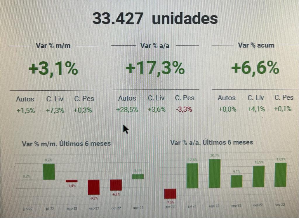 El número de vehículos patentados durante noviembre de 2022 ascendió a 33.427 unidades, lo que representa un incremento del 3,1 % con respecto a setiembre, cuando se habían patentado 32.070 vehículos. La variación interanual crece un 17,3 %.
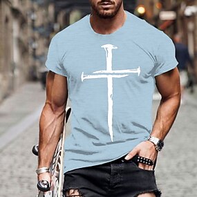 Camiseta gráfica casual de manga corta para hombres con diseño de cruz de fe en color beige
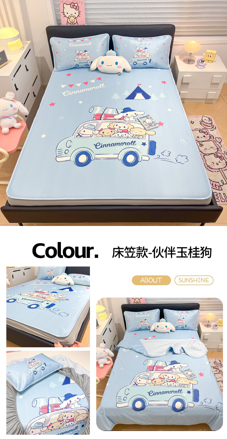 暮思家居 2025新款正版授权A类大版数码印花三丽鸥可机洗1200D冰丝凉席可组合针织棉夏被四件套床笠款 床笠款-伙伴玉桂狗
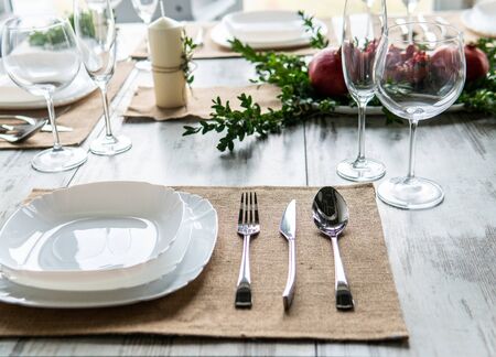 Close up white porcelain tableware plates on green place mats and empty champagne flutes ready for dinner. Table settings wait for guests at home or restaurant, wooden bowl with decoration
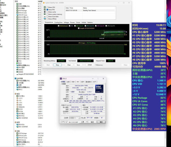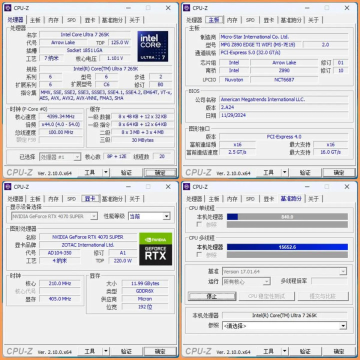 初始默认设置(PL2 250W,XMP开启)下,英特尔酷睿265K在CPU-Z测试中,单核得分840,全核得分15652.6。
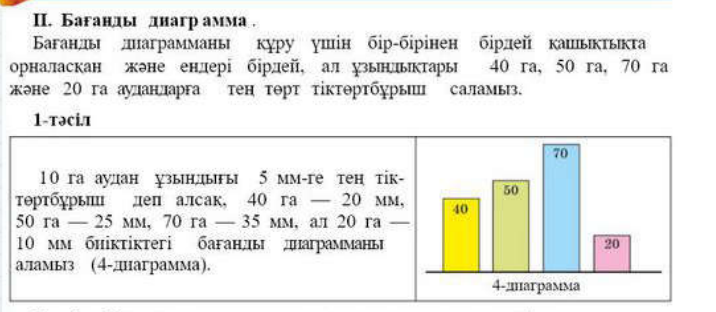 Барлық оқушылар үшін: Білім алушылар жаңа сабақ бойынша диаграмма ұғымын меңгереді. Көпшілік оқушылар үшін: Білім алушылар сызықтық және бағанды диаграммалар салуды үйренеді. Кейбір оқушылар үшін: Білім алушылар диаграммаларға арналған есептерді шығара алады . |

● Required action:
Your task is to transcribe, exactly and without additions, every line from the one that contains "暮思家居 2025新款正版授权A类大版数码印花三丽鸥可机洗1200D冰丝凉席可组合针织棉夏被四件套床笠款 床笠款-伙伴玉桂狗" to the end of the entries above, both included. Omit all pictures.

● Task solution:
 暮思家居 2025新款正版授权A类大版数码印花三丽鸥可机洗1200D冰丝凉席可组合针织棉夏被四件套床笠款 床笠款-伙伴玉桂狗
 Close up white porcelain tableware plates on green place mats and empty champagne flutes ready for dinner. Table settings wait for guests at home or restaurant, wooden bowl with decoration
 初始默认设置(PL2 250W,XMP开启)下,英特尔酷睿265K在CPU-Z测试中,单核得分840,全核得分15652.6。
 Барлық оқушылар үшін: Білім алушылар жаңа сабақ бойынша диаграмма ұғымын меңгереді. Көпшілік оқушылар үшін: Білім алушылар сызықтық және бағанды диаграммалар салуды үйренеді. Кейбір оқушылар үшін: Білім алушылар диаграммаларға арналған есептерді шығара алады . |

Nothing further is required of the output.